Me Haynes a déclaré que le BdP avait rendu les clefs en septembre 2018 à la suite de l’acquittement de M. Bemba. Entretemps, l’avion a engendré une dette de 981 954 euros et il est « maintenant bon pour la casse ». Me Haynes a indiqué que si l’accusation avait remis les clefs plus tôt, l’avion aurait pu être déplacé vers un lieu moins cher ou gratuit ou aurait pu être vendu à un acheteur qui proposait 1 millions d’euros.
La défense a estimé que cela n’était pas normal qu’une affaire ayant un accusé unique, avec une seule forme de responsabilité et des événements qui se sont déroulés sur une période de cinq mois ait pu prendre dix ans avant de se conclure. Depuis la première comparution de M. Bemba devant un juge de la CPI, 192 jours se sont écoulés jusqu’à l’audience de confirmation des charges.
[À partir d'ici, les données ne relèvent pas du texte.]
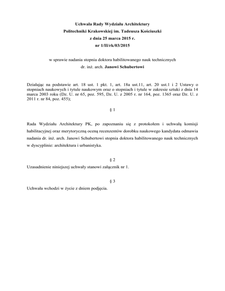 Uchwała Rady Wydziału Architektury Politechniki Krakowskiej im. Tadeusza Kościuszki z dnia 25 marca 2015 r. nr 1/II/rk/03/2015 w sprawie nadania stopnia doktora habilitowanego nauk technicznych dr. inż. arch. Janowi Schubertowi Działając na podstawie art. 18 ust. 1 pkt. 1, art. 18a ust.11, art. 20 ust.1 i 2 Ustawy o stopniach naukowych i tytule naukowym oraz o stopniach i tytule w zakresie sztuki z dnia 14 marca 2003 roku (Dz. U. nr 65, poz. 595, Dz. U. z 2005 r. nr 164, poz. 1365 oraz Dz. U. z 2011 r. nr 84, poz. 455); §1 Rada Wydziału Architektury PK, po zapoznaniu się z protokołem i uchwałą komisji habilitacyjnej oraz merytoryczną oceną recenzentów dorobku naukowego kandydata odmawia nadania dr. inż. arch. Janowi Schubertowi stopnia doktora habilitowanego nauk technicznych w dyscyplinie: architektura i urbanistyka. §2 Uzasadnienie niniejszej uchwały stanowi załącznik nr 1. §3 Uchwała wchodzi w życie z dniem podjęcia. Załącznik nr 1 do Uchwały RWA nr 1/II/rk/03/2015 z dnia 25 marca 2015 r. UZASADNIENIE Do Uchwały Rady Wydziału Architektury Politechniki Krakowskiej im. Tadeusza Kościuszki w sprawie nadania dr. inż. arch. Janowi Schubertowi stopnia naukowego doktora habilitowanego nauk technicznych w dyscyplinie naukowej: architektura i urbanistyka Rada Wydziału Architektury PK stwierdza, co następuje: 1. Dwóch recenzentów powołanych w postępowaniu habilitacyjnym dra inż. arch. Jana Schuberta uznało w swoich opiniach, że przedstawione osiągnięcia spełniają, wymagania zawarte w art. 16 ustawy z dnia 14 marca 2013r. o stopniach naukowych i tytule naukowym oraz o stopniach i tytule w zakresie sztuki (Dz. U. nr 65, poz. 595, Dz. U. z 2005 r. nr 164, poz. 1365 oraz Dz. U. z 2011 r. nr 84, poz. 455), stawianych kandydatom do stopnia naukowego doktora habilitowanego oraz kryteria oceny osiągnięć określonych w Rozporządzeniu Ministra Nauki i Szkolnictwa Wyższego z dnia 1 września 2011 r. w sprawie kryteriów oceny osiągnięć osoby ubiegającej się o nadanie stopnia doktora habilitowanego (Dz. U. nr 196 z 2011., poz. 1165). Jeden recenzent przedłożył opinię negatywną. 2. Komisja Habilitacyjna powołana przez Centralną Komisję ds. Stopni i Tytułów decyzją z dnia 06 czerwca 2014 r., z późniejszą zmianą składu decyzją z dnia 05 grudnia 2014 r. na posiedzeniu w dniu 24 lutego 2015 r., po zapoznaniu się z przedłożoną przez Kandydata dokumentacją Jego dorobku zawodowego, dydaktycznego i organizacyjnego oraz recenzjami dorobku naukowego (na podstawie monografii) podjęła większością głosów uchwałę o odmowie nadania dr. inż. arch. Janowi Schubertowi stopnia doktora habilitowanego w dziedzinie nauk technicznych w dyscyplinie architektura i urbanistyka. 3. Rada Wydziału Architektury Politechniki Krakowskiej im. Tadeusza Kościuszki na posiedzeniu w dniu 25 marca 2015 r., uznała, że osiągnięcia dra inż. arch. Jana Schuberta nie stanowią znacznego wkładu w rozwój dyscypliny naukowej architektura i urbanistyka i większością głosów podjęła uchwałę o odmowie nadania dr. inż. arch. Janowi Schubertowi stopnia doktora habilitowanego w dziedzinie nauk technicznych w dyscyplinie: architektura i urbanistyka.

La défense a souligné que, après que les charges aient été confirmées, 525 jours s’étaient écoulés avant que son procès ne commence.Le procès a duré quatre ans et il a été condamné 16 mois plus tard. Puis 659 jours s’étaient encore écoulés avant l’audience de son appel dont le jugement avait été rendu 213 jours plus tard.
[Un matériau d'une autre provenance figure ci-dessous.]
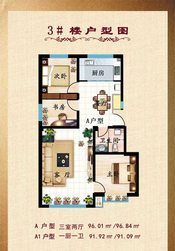 3室2厅1卫-3#A户型

Les avocats de M. Bemba ont affirmé qu’il n’y avait aucune justification possible pour qu’un procès dure si longtemps. Alors qu’il est souvent avancé que certaines affaires jugées par le Tribunal international pour l’ex-Yougoslavie (TPIY) et par le Tribunal pénal international pour le Rwanda (TPIR) ont également duré une décennie, les avocats de la défense ont soutenu que « la longueur des procès du TPIY et du TPIR ternit leur légitimité qu’ils ne retrouveront peut-être pas et que la CPI doit faire mieux. »
Les avocats de M. Bemba ont encore cité le procès du TPIY contre Vujadin Popović et six autres personnes qui, selon eux, a eu sept fois plus de preuves documentaires et au moins quatre fois plus de témoignages, et qui, malgré tout, a été conclu en tout juste trois ans, avec des verdicts rendus neuf mois plus tard.
La défense a soutenu que la CPI ne jouissait d’aucune immunité contre les réclamations de droit privé et qu’elle pouvait être poursuivie pour ces dommages auprès des juridictions nationales au Portugal, en Belgique ou au Congo. Les avocats de la défense ont déclaré qu’une alternative serait de proposer à M. Bemba une compensation de 68,8 millions d’euros, M. Bemba devant recevoir une somme d’au moins 42,4 millions d’euros pour les biens perdus en vertu du pouvoir inhérent de la CPI d’attribuer une compensation financière. Sinon, ont-ils affirmé, sa demande pour perte financière découlant de destructions et de dommages à ses biens sera soumise à un arbitrage exécutoire en vertu du règlement d’arbitrage de la Commission des Nations Unies pour le droit commercial international (CNUDCI).